- Born: 16 November 1882 Avignon, France
- Died: 22 June 1959 (aged 76) Avignon, France
- Education: University of Montpellier
- Occupations: Physician, Entomologist

= Félix Guignot =

French entomologist (1882-1959)

Félix Guignot was a French physician and entomologist, born on 16 November 1882 in Avignon, France.

After studying medicine at the University of Montpellier he established a private practice in his hometown of Avignon. He practiced family medicine and Obstetrics. The region around Avignon provided many excellent opportunities to collect water beetles, including large rivers and the Camargue wetlands. His first entomological article, the description of Siettitia avenionensis, was published in 1925 in the Bulletin of the Entomological Society of France. Guignot found the specimen for this description in a basin of water pumped from a farm well, which he had requested while delivering a baby at the farm.

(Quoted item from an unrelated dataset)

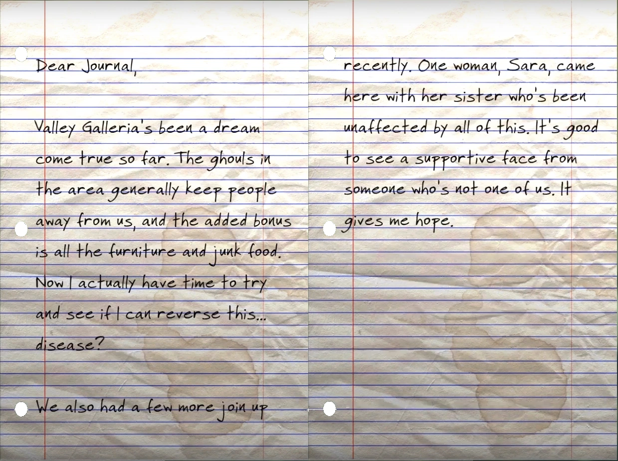 Valley Galleria's been a dream come true so far. The ghouls in the area generally keep people away from us, and the added bonus is all the furniture and junk food. Now I actually have time to try and see if I can reverse this... disease?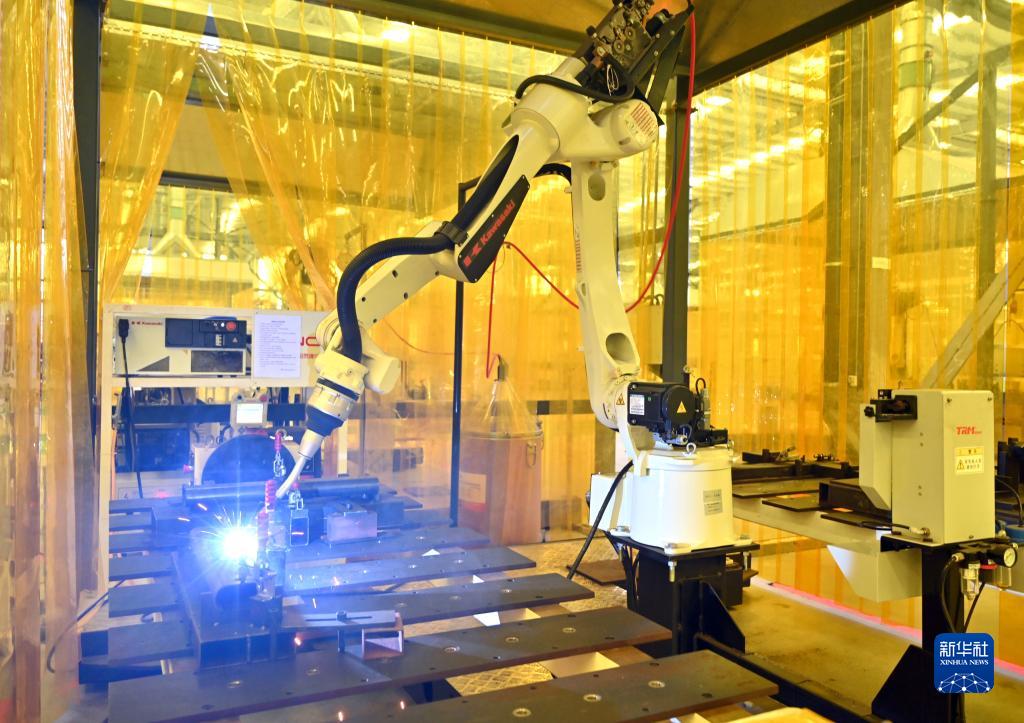 8月30日,在日照經(jīng)濟技術(shù)開(kāi)發(fā)區一家企業(yè)加工車(chē)間,機械手臂對動(dòng)感單車(chē)結構件進(jìn)行自動(dòng)焊接。

Through his publications of 188 articles Guignot became a recognized expert on hydradephagan water beetles. His classic work, The Hydrocanthares of France, won the 1932 Dollfus prize of the Entomological Society of France. His contributions to science include the description of 514 new species, as well as his entomological collection, which is now housed in the French National Museum of Natural History.

Guignot was a founding member of the Société d’étude des Sciences naturelles de Vaucluse. He served as president of this society for nearly 31 years between 1929 and 1950.